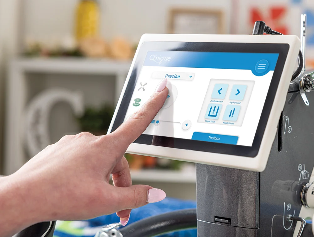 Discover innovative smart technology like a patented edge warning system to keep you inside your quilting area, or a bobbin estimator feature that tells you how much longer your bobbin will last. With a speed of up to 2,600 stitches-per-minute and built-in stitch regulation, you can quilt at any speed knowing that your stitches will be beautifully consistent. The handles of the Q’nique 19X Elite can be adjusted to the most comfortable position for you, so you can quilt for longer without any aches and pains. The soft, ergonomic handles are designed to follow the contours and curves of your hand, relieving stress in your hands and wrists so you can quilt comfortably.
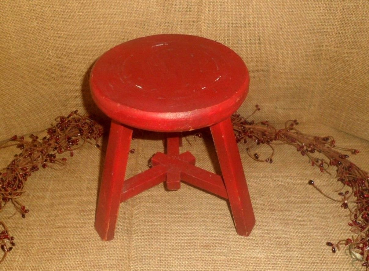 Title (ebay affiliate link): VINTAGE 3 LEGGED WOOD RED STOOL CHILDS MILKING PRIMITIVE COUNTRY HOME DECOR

* * *

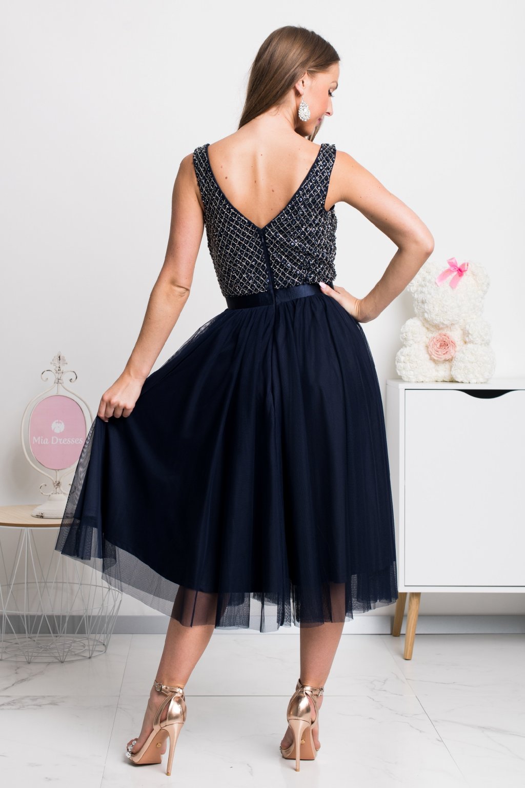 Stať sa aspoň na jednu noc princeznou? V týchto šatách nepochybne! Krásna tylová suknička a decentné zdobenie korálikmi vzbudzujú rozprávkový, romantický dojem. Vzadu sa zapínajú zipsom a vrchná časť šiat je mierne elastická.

Goal of the exercise - Every line above between the one containing "Discover innovative smart" and the one containing "Title (ebay affiliate", those two included, is to be printed exactly. No pictures go into the copy.

Answer to this exercise -
 Discover innovative smart technology like a patented edge warning system to keep you inside your quilting area, or a bobbin estimator feature that tells you how much longer your bobbin will last. With a speed of up to 2,600 stitches-per-minute and built-in stitch regulation, you can quilt at any speed knowing that your stitches will be beautifully consistent. The handles of the Q’nique 19X Elite can be adjusted to the most comfortable position for you, so you can quilt for longer without any aches and pains. The soft, ergonomic handles are designed to follow the contours and curves of your hand, relieving stress in your hands and wrists so you can quilt comfortably.
 Title (ebay affiliate link): VINTAGE 3 LEGGED WOOD RED STOOL CHILDS MILKING PRIMITIVE COUNTRY HOME DECOR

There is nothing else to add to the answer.